If the American public, much less journalists or policy makers, are ever going to get a real grasp of how police interact with the public, what is needed is a clear and comprehensive data presentation that can be easily accessed, searched, and compared. There have been past efforts to reach this goal. The FBI has a use-of-force database that started in 2018, but participation and reporting are voluntary. The Washington Post has been tracking fatal police shootings for more than five years, and their research, for example, shows near 1,000 over the past 12 months.

More data and more clarity are needed, and the Police Data Accessibility Project (“PDAP”) hopes to provide both. PDAP started in the early days of the COVID pandemic, when Kristin Tynski “scraped” the publicly available police records of Palm Beach County, Florida, where she lives.
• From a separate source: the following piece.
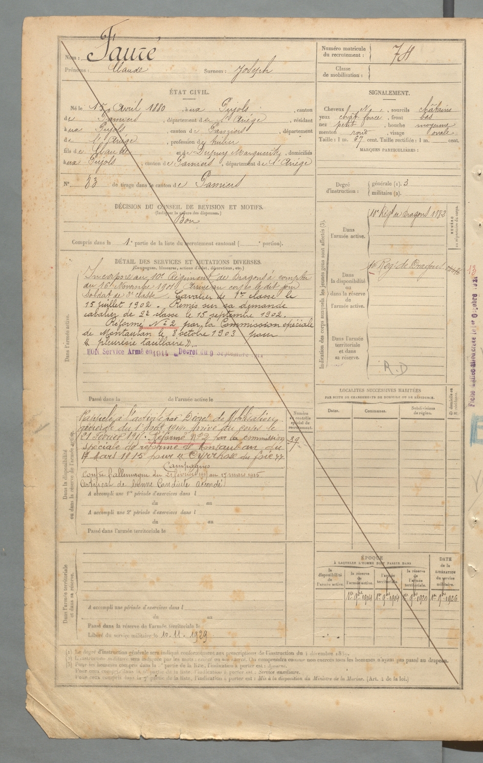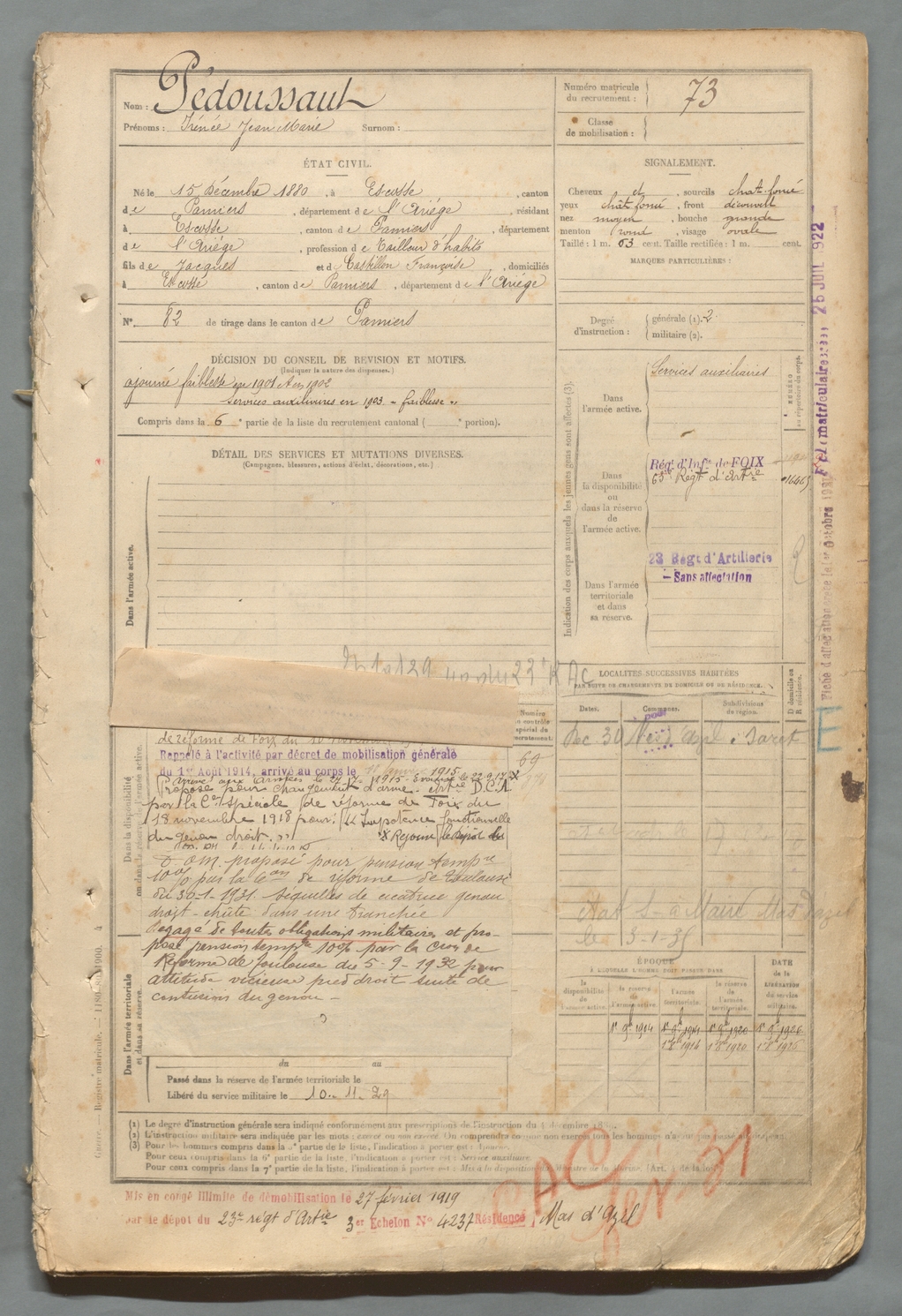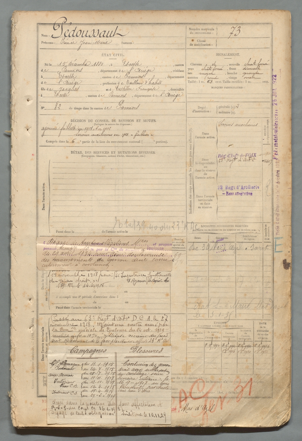 | Pédoussaut | Irénée Jean Marie | FOIX | 129 W 2 | 1900 | Escosse | Escosse | 73 |

A “scrape” is a search routine that not only finds data but also gathers information by copying documents. When Tynski scraped the police records in Palm Beach, she found that despite the fact that the county is 75% white, the overwhelming majority of traffic stops and citations involved people of color.

She posted a presentation of the data, and “it blew up,” she said. “I wanted to capture the momentum, because I know how much work trying to get this for most police departments will be.” PDAP came into being immediately afterward. The long-term goal is to scrape data from police databases nationwide, standardize the information, and make all of it public. Tynski is clear-eyed about the enormity of the project and its potential difficulties.

“I realized how big the project was while doing the scraping of my own county,” she said. “It’s complex, and most county systems are antiquated and filled with bugs. Getting this done—outside of some top-down government mandate—will require writing scrapers for hundreds, possibly thousands, of county websites. I would argue it’s worth the effort, and something we can get done.”

If PDAP is successful, one of the primary obstacles to building consensus about police accountability will be overcome, and the debate might move from the nature of the problem to possible solutions.